Canada is different enough that he's aware he's in a different country, even though most of the things he is familiar with at home he finds right here in Montreal. Sure, the money is different and, yes, everything being printed in two languages is strikingly noticeable. But he expected that. It's the subtle things that he stumbles across that really stand out in his head.
“Like what?” she asks, and he realizes that he's been rambling, mostly thinking aloud.
“Well, like little things on television,” he tells her. He recalls the
Canadian Idol
billboard he saw the day before.
“That was canceled a while back,” she says. “You must've seen an old ad that hasn't been taken down.”
“That's a shame,” he says. “I would've liked to have seen it.”
“Trust me, you didn't miss anything.”
“I'll take your word for it.” He shrugs and realizes that he's never even seen an episode of
American Idol,
so he doesn't know why he'd ever watch the Canadian one.

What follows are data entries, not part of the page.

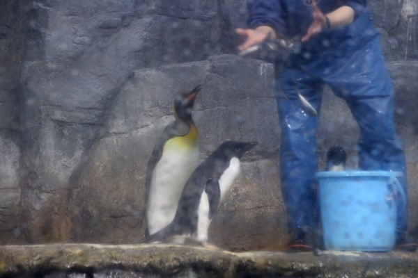ですが、手渡しがお好きな個体もいます。キングとアデリーが、餌バケツの近くで順番待ちをしていました。
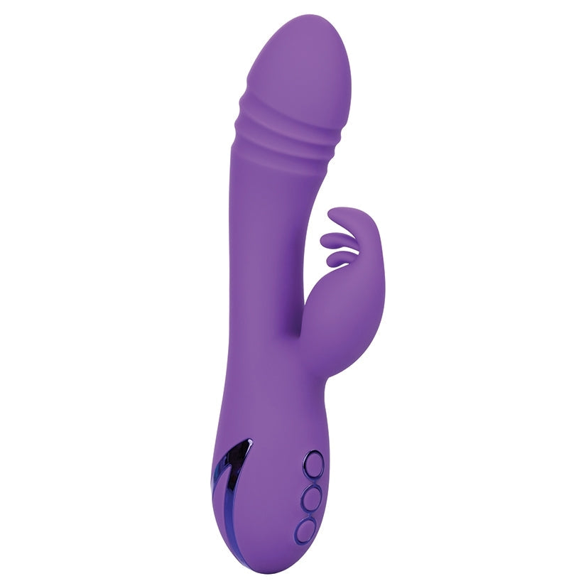 Set free the motion of the ocean with the California Dreaming West Coast Wave Rider. This beautiful, ocean-colored adult toy is made of body-safe silicone and is-- you guessed it: Fully waterproof, for the convenience of an anywhere- use device. This device has a powerful rotating "G" massager built into the head of the device, ensuring it knows exactly where the good waves are. The triple-fluttering teaser gives this outstanding vibrator the one-two ride that you've been missing. With three speeds of rotating "G" action within the shaft and 10 functions of independent vibration, pulsation, and escalation built into the attached stimulator, you will always feel your own personal
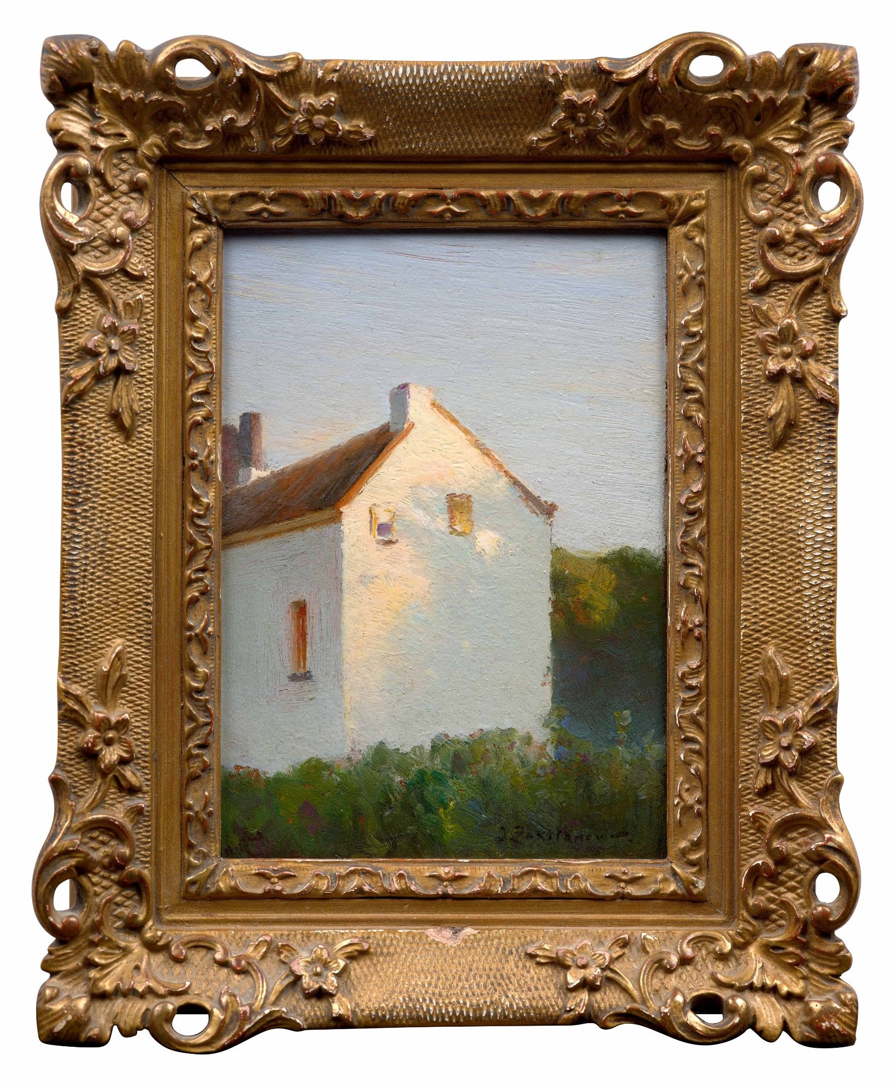 Light effect on a house gable, oil on cardboard, signed, by I. Pokhitonov
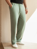 Прямые свободные брюки для мужчин. Выполнены из легкого трикотажного футера. Пояс – с эластичной тесьмой внутри и шнурком-завязкой, который позволяет регулировать ширину в талии. Есть удобные боковые карманы. Гульфик – не функциональный, имитация. Штанины подогнуты. Рекомендуем!
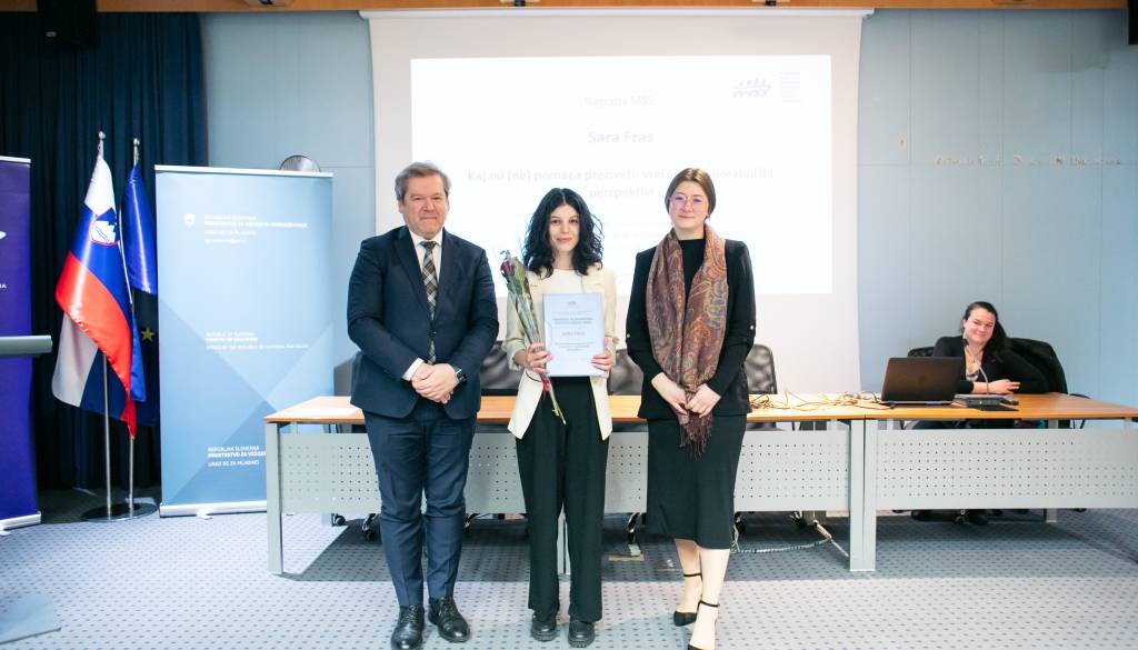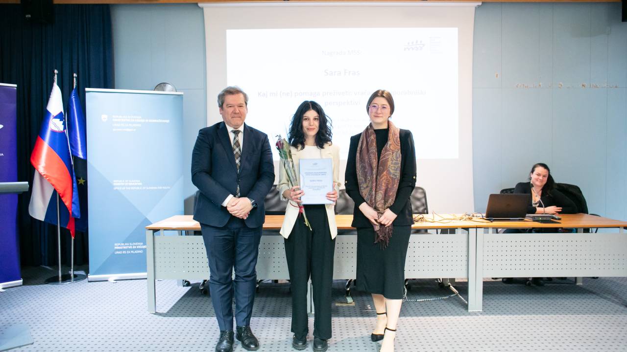 Sara Fras iz Ljubljane je prejela nagrado Mladinskega sveta Slovenije za najboljše diplomsko delo s področja mladih za delo z naslovom Kaj mi (ne) pomaga preživeti: vračanje k uporabniški perspektivi.

“We have all the American shows, too,” she says.
“Yeah, but check this out. Yesterday on TV here I saw a commercial that had two men together as a couple shopping in a grocery store. Holding hands and everything.”
“Yeah, so?” she asks.
“That's just it,” he says. “Two gay men shopping. It was wild. I don't think you'll see a commercial like that in the United States for years, if ever.”
“Really? You don't have commercials like that?”
“Not at all. Just the occasional print ad, and those are always controversial.”
“That surprises me.”
“It's stupid,” he says. “It should be just like it is here: No big deal. But people are still really nuts about gay people. Even people who don't think they're homophobic get weird about it.”
“That just seems silly,” she says.
“It is.”
“Maybe you should move to Canada.”
“If the rest of Canada treats me as well as Montreal has, I just might have to consider it,” he says and winks.
“The Comedy Crib,” she says. “Do they treat you really well?”
“They do,” he says and then checks himself. “That is, they treat me the way comedians should be treated, but usually are not.”
She raises one eyebrow. It's a neat trick.
“Let's just say my job isn't nearly as glamorous as people think it is,” he says and shrugs his shoulders. In the background he can hear some band whose name he can't remember playing on the radio and tries to remember if it's a Canadian group. He wonders how many Canadian bands he could name if he tried. Rush is one.
“Where do you want to go from here?” she asks.
“After all this poutine, I could use a nap,” he says. He remembers that Bryan Adams is Canadian, too.
“No, jackass,” she says. “I meant with your career.”
“Ah.” He winks. “Good question. As soon as I figure it out, I'll let you know.”
“Really?” she asks. “No big plans? No talk show in your future? No big movies?”
“Oh, sure, I'll just make a few phone calls and make it happen.”
She thumps his arm with her index finger. “No, seriously,” she says.
“I want all of that,” he says. He's pretty sure Alanis Morissette is Canadian.
“Everything?”
“Everything.”
“The whole nine yards?”
“Well.” He takes a long sip from his Diet Coke. “I used to think that, anyway. Now I'm not so sure. My plans seem to keep changing, whether I like it or not. For a while there, everything seemed to be going along just like it was supposed to. I got an agent, did the Kilborn show, started getting regular gigs. That's the way it's supposed to happen and that's what I was doing. Then everything just kinda leveled out.”